Sunday, August 06, 2006

Day 2: The Piquenique.

(Faux Jazz Agers on Governors' Island.)

Well, one might think that we'd have spent our first day in Brooklyn moving things in and generally getting settled. However, one would be wrong, as we had bigger fish to fry: the long-awaited, anxiously anticipated, &tc &tc, Governors' Island picnic!

Governors' Island is a strange anomaly in the New York City area: it doesn't have that many people on it. Indeed it is possible to find yourself, on a sunny weekend afternoon, ENTIRELY ALONE IN A PUBLIC PLACE. Believe you me, this is noteworthy. The island is also notable for being a former army garrison/fort/stronghold type place, for looking rather like it's somewhere in South Carolina, and best of all, for being only a free ferry ride away from Lower Manhattan. (You board the ferry from a green building beside the Staten Island ferry on the bottom tip of Manhattan.)

The day of our picnic was also, unbeknownst to us, a "Jazz Age" Day.
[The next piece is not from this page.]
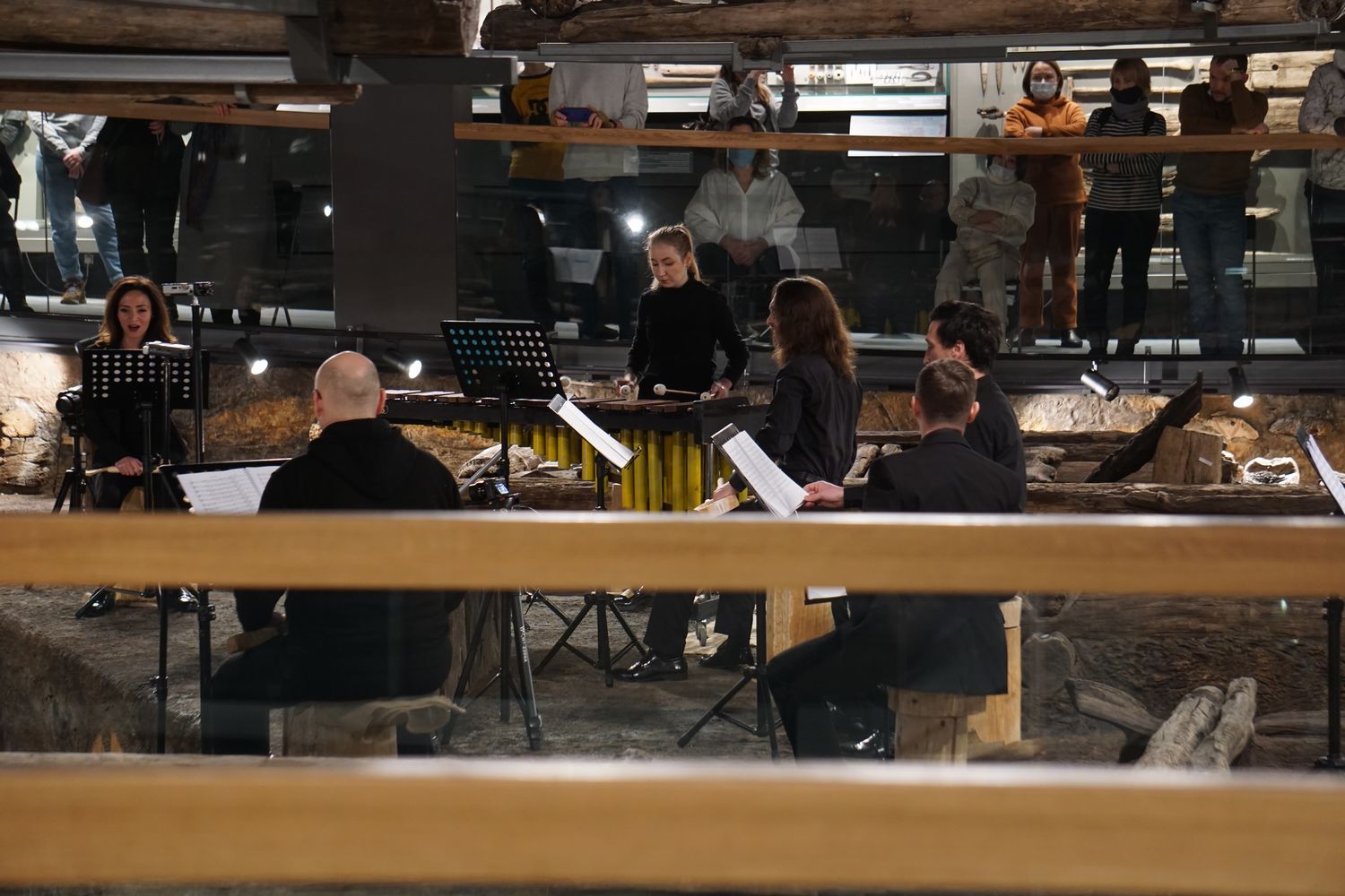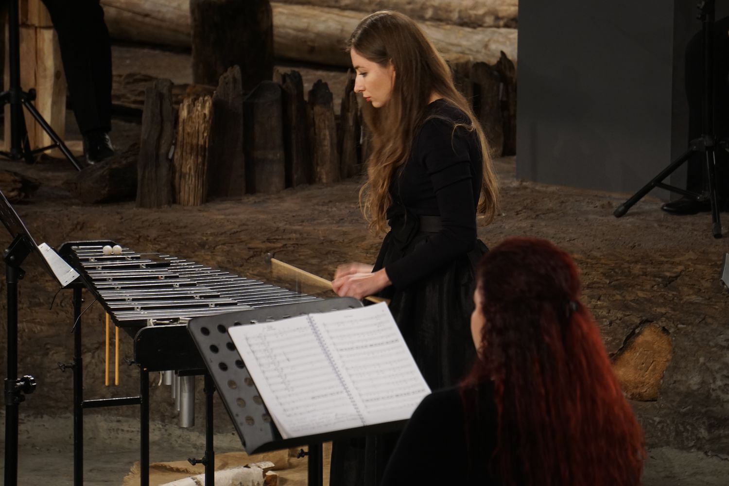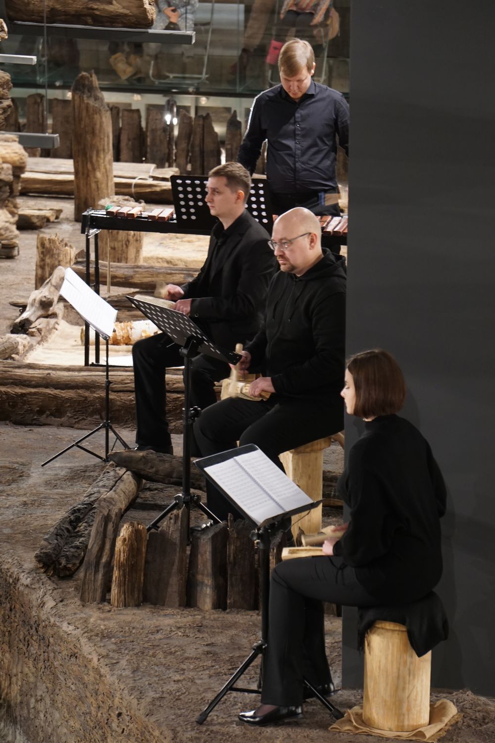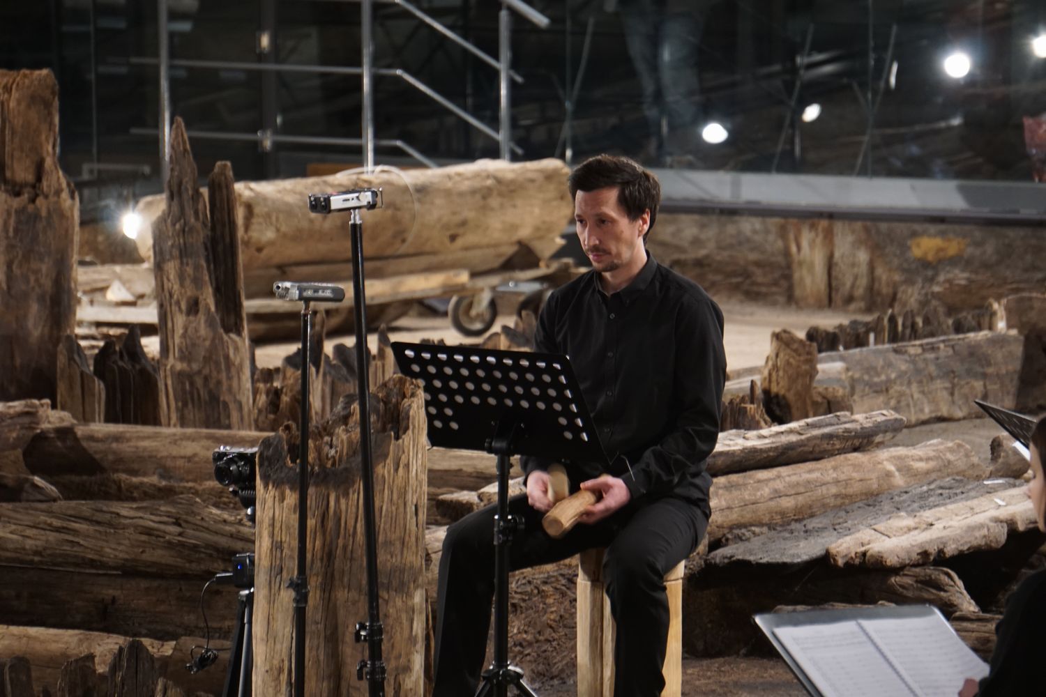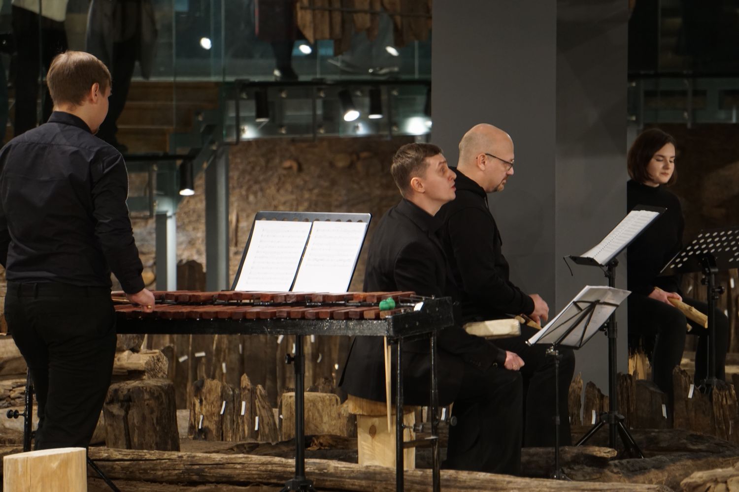 «Конец времен» написан для небольшого вокального ансамбля и перкуссии (два ксилофона, маримба и несколько деревянных вудблоков, изготовленных специально для этого случая Артемом Силкиным – мастером на все руки). Исполнители располагаются на нижнем, подземном уровне, прямо внутри сохранившегося древнего раскопа посадской части Свияжска, вокруг которого и сформирована музейная экспозиция, среди срубов домов и хозяйственных построек, фрагментов заборов и деревянных мостовых. Все это, помимо аутентичной атмосферы, дает еще и особый резонанс. Ни один звук в этом пространстве не теряется, но, напротив, приобретает стереофонический объем. Недаром партитура во многом и создавалась в расчете на здешнюю специфическую акустику.

This meant not only that there was a jazz band serenading us for the length of our picnic, and that there were free Charleston lessons, but also that we were inexplicably surrounded by large clumps of people dressed in period costume. Frocks. Striped suits. And oh, the hats. See above.

As for the picnic, we ate, we chattered, we frisbeed and strolled and giggled and snoozed. It was a lovely time. Then we went back to Brooklyn and packed things into cars and carried heavy things up narrow flights of stairs. But, picnic!